Подобные представления сохраняются в умах еще и потому, что после финансового краха в 1998 году якобы вскрылись некие финансовые скандалы. Их до сих пор преподносят как скандалы, хотя на деле они были в значительной степени выдуманы: выделенный в июле 1998 года транш МВФ в 4,8 млрд долл. США украден не был, а Bank of New York никакие миллиарды русской мафии не отмывал (хотя некоторые злоупотребления и имели место). Но в СМИ только и было что сенсационные статьи на первых страницах, броские заголовки в теленовостях и последующие парламентские расследования. Могло ли после этого сформироваться какое-то иное общественное мнение? Ведь о том, что обвинительные статьи впоследствии опровергались, недобросовестных репортеров выгоняли с работы, иски урегулировались, а в некоторых случаях снимались обвинения, если и писали, то лишь в некоторых крупных газетах, да и то отнюдь не на первых страницах.

Читатели, ожидающие от меня сухого отчета о событиях, возможно, посчитают, что мое повествование местами непоследовательно, а мысли – скачут. Но я выстраивал свой рассказ, имея в виду в первую очередь показать, как в условиях постоянной нехватки исчерпывающей информации неглупые люди, поставленные каждый на своем уровне перед необходимостью принимать решения исходя только из собственного понимания ситуации и мотиваций и ожиданий всех остальных, в большинстве случаев искренне пытались найти все-таки оптимальный вариант. Иногда им это удавалось, а иногда нет. Их задачу усложняло и то, что на развитие событий одни россияне спонтанно отвечали возвратом к идеалам советского прошлого, а другие, наоборот, спешили воспользоваться общей неразберихой и сколотили себе неплохие состояния – у кого сколько получилось. Причем получилось у некоторых настолько неплохо, что, по подсчетам журнала «Форбс», на конец 2007 года общее состояние 87 российских долларовых миллиардеров равнялось 30% ВВП страны. Но я не вдавался в психологические интерпретации и тем более старался никого не судить.

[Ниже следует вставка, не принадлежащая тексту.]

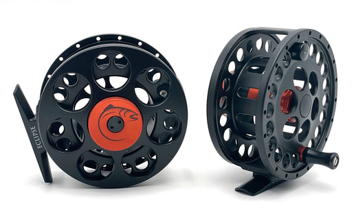 Moonlit Eclipse Machined Die Cast Reel High Quality Made in Korea The Eclipse Reels are a machined die-cast reel with a smooth, sealed, drag system that consists of stainless steel and carbon discs. The drag one turn adjustment knob is also fully machined. These reels have more than enough room to take backing with any suitable fly line. With all this the Eclipse gives you the highest performing reel for a real value that will put your mind at ease. Pick from the two different color choices of Light Olive/Matte Black or Burnt Orange/Matte Black. Fly Reel Features Quick and Easy pop out spool release Drag adjustment and housing are CNC -machined Effortless and easy fast 360 drag adjustment Carbon disc Made in the USA High quality ball bearings made in Japan Fly Reel Specs Line Spool Diameter Arbor Diameter Weight Capacity #3-4 2.95in (75mm) 4.27oz WF3 + 40yds 20lb Backing #5-6 3.34in (85mm) 4.87oz WF5 + 98yds 20lb Backing #7-8 3.74in (95mm) 6.24oz WF7 + 164 20lb Backing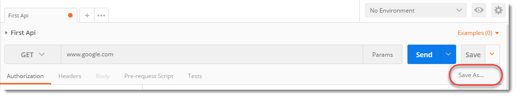7. "First Api"를 덮어 쓰려면 Save(저장)을 누르 거나 표시된대로 드롭 다운을 누르고 Save as(다른이름으로 저장)을 누릅니다.

Следует признать, что развитие событий в России могло бы сложиться гораздо хуже. Это не значит, что сегодня все в полном порядке или что у страны безупречные отношения с соседями и уж тем более с Западом. Просто если бы мы жили в идеальном мире, то, наверное, можно было бы расчитывать и на более впечатляющий результат. В реальном мире следует признать, что нам очень повезло. Я даже скажу больше – в отличие от моего друга Кристины Фрилэнд, которая, правда, свою книгу написала сразу после кризиса: полученный в России результат можно смело считать самой выгодной сделкой века.

Я категорически не согласен с распространенным в научных кругах мнением, что Россия – страна-неудачница и что она всегда будет оставаться на «задворках» цивилизованного общества[3 - С июня 1993-го по октябрь 1996 г. я работал старшим сотрудником в составе переговорной миссии МВФ в России и советником по вопросам политики, ответственным за внешний сектор. С ноября 1996-го по июнь 2002 г. я постоянно работал в Москве в качестве сотрудника Фонда, а с февраля 1997-го – в качестве руководителя московского представительства. После возвращения в штаб-квартиру МВФ в Вашингтоне три года проработал в качестве помощника директора Департамента разработки политики, где отвечал за вопросы суверенных долгов, в том числе за связи с Парижским клубом (что включало в себя и соответствующие аспекты российских долгов). В июле 2005 г. я вернулся в Москву, где с тех пор совмещаю профессорскую работу с должностью директора Центра фундаментальных междисциплинарных исследований (CAS) Высшей школы экономики.]. За последние несколько лет Россия своим примером полностью опровергла такие доводы, как и представления сохранившихся еще кое-где на Западе романтиков марксизма. Обреченных стран не бывает. Выход из положения есть всегда. Нужны только правильно обозначенные экономические ориентиры и, как и в любом начинании, немного везения. Но и в этом случае все может случиться с точностью до наоборот – и потому, хотя при президенте Путине, а теперь Медведеве россияне и начали выводить свою страну на путь процветания, успокаиваться и почивать на лаврах им еще рано.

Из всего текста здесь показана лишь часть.